The bottom line is this: the more interconnected your systems are, the better your spend data becomes. 

That’s why there’s such a large emphasis on integration capabilities in procurement and finance software these days—they contribute to a much more reliable spend analysis.

Increased Importance of Tail Spend Management

Tail spend analytics are now enabling companies to maximize cost savings like never before. 

Tail spend refers to all non-strategic, both high and low-volume transactions, as well as infrequent purchases made across various company departments, suppliers, and categories. 

Using the 80/20 rule, tail spend could be described as that remaining 20% of spend that goes to 80% of suppliers. 

an illustration explaining the difference between critical and tail spend

Source: Veridion

It’s notoriously difficult to manage, but thanks to advanced spend analytics tools, that’s changing fast. 

Organizations are finally discovering how improving tail spend management can provide them with better visibility into overall spending and unlock new cost-saving opportunities that might’ve otherwise gone unnoticed.

In fact, back in 2019, Boston Consulting Group found that digitizing tail spend management can reduce yearly expenses by 5 to 10%. 

statistic showing that companies that digitize their tail spend management can cut their annual expenditures by 5-10%

Illustration: Veridion / Data: BCG

That’s quite a significant amount, especially for larger enterprises with substantial annual expenditures. 

Just take Boeing, for example. 

Their tail spend was so huge that it was nearly impossible to monitor, let alone control. 

And the fact that a lot of their RFQs and sourcing were done offline, via mail, and many other disconnected channels didn’t help. 

Tiffany Andrews, Senior Manager at Boeing’s Indirect Procurement Center of Excellence, explains the issue in more detail:

“What we didn’t have was a good handle on our transactional procurements that we’re going through. We had catalogs in our systems, but anything that wasn’t on a catalog that was strategically placed was considered a SPO or a one-time and we didn’t have a great handle on that.”

However, their AI-powered spend management system easily fixed the problem, she says.

“What it would do is pull all of our trends from our old work system and our current system and [perform] an evaluation of all of our data, of our spending trends.
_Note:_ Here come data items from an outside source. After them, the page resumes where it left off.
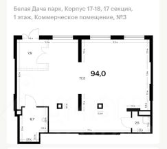 Продается помещение площадью 80,6 кв.м, расположенное на 1 этаже в ЖК "Белая дача парк" от ПИК 2022 года постройки.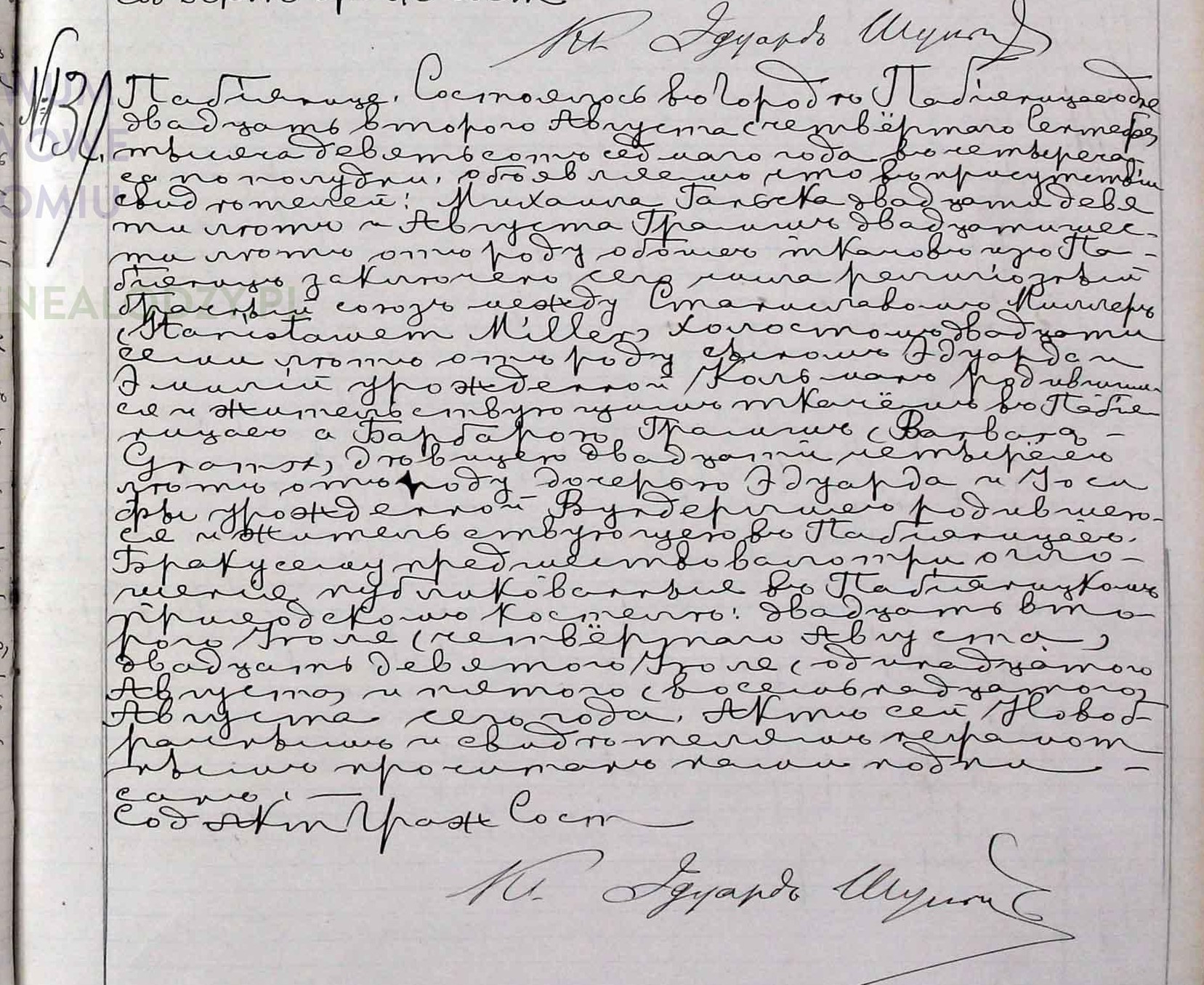 | sw.450413 | sw.447863 (sw.447863) | sw.447864 (sw.447864) | Akt małżeństwa: Pabianice św. Mateusz (obecn. woj. łódz.), 56/1879 [indeks na http://geneteka.genealodzy.pl/] http://metryki.genealodzy.pl/metryki.php?op=kt&ar=3&zs=1614d&sy=1879&kt=2 [podgląd] |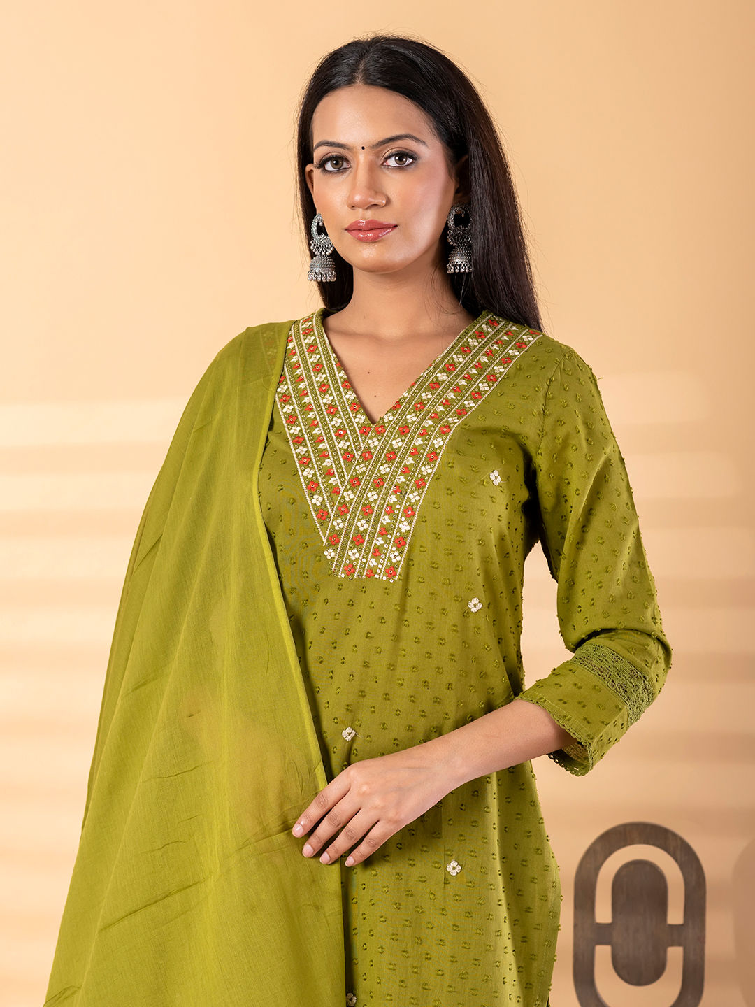 Straight style dobby cotton fabric green color kurta and bottom with dupatta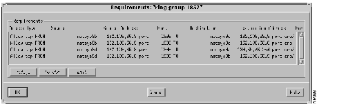 Click on this button to edit the selected connectivity requirement set entry. Depending on the protocol (IP, IPX, or SAP) specified when the requirement set was created, the corresponding Edit IP/IPX/SAP Requirements window is displayed. The entries and fields corresponding to the entry selected in the Requirements window are selected and displayed. Once you have edited the requirements and control has been returned to this window, click on the OK button to apply the edits you made to the requirements file set.

How we like to spend our money and what suppliers that is with.” 

It automatically aggregates and categorizes the data across all their locations, categories, and vendors, leading to greater transparency and more reliable spend analytics. 

The solution also enables them to model and analyze various scenarios—like comparing how their spending would look with different suppliers— to slash their costs even further.

The lesson learned? 

Don’t underestimate the power of tail spend analytics. 

It can open the door to savings you never knew existed and completely transform your financial health. 

We’re definitely bound to see more companies, both big and small, jumping on board and giving more attention to this often unmanaged, yet important category. 

Conclusion

Overall, in the future, we’re likely to see even more use cases for AI in spend analytics. 

Right now, it’s already doing an impressive job of cleaning, organizing, and analyzing data, but imagine the possibilities as it evolves to deliver even more powerful predictive and prescriptive capabilities. 

Naturally, some people may be hesitant to embrace these technologies and let go of the tried-and-true methods they know so well.

That’s why, if you’re considering implementing anything you learned from this article, it’s vital to reassure your staff that these tools and practices are here to help them, not replace them. 

And once you successfully introduce them, it won’t take long before your team experiences firsthand just how much easier and more efficient spend analysis and management can be.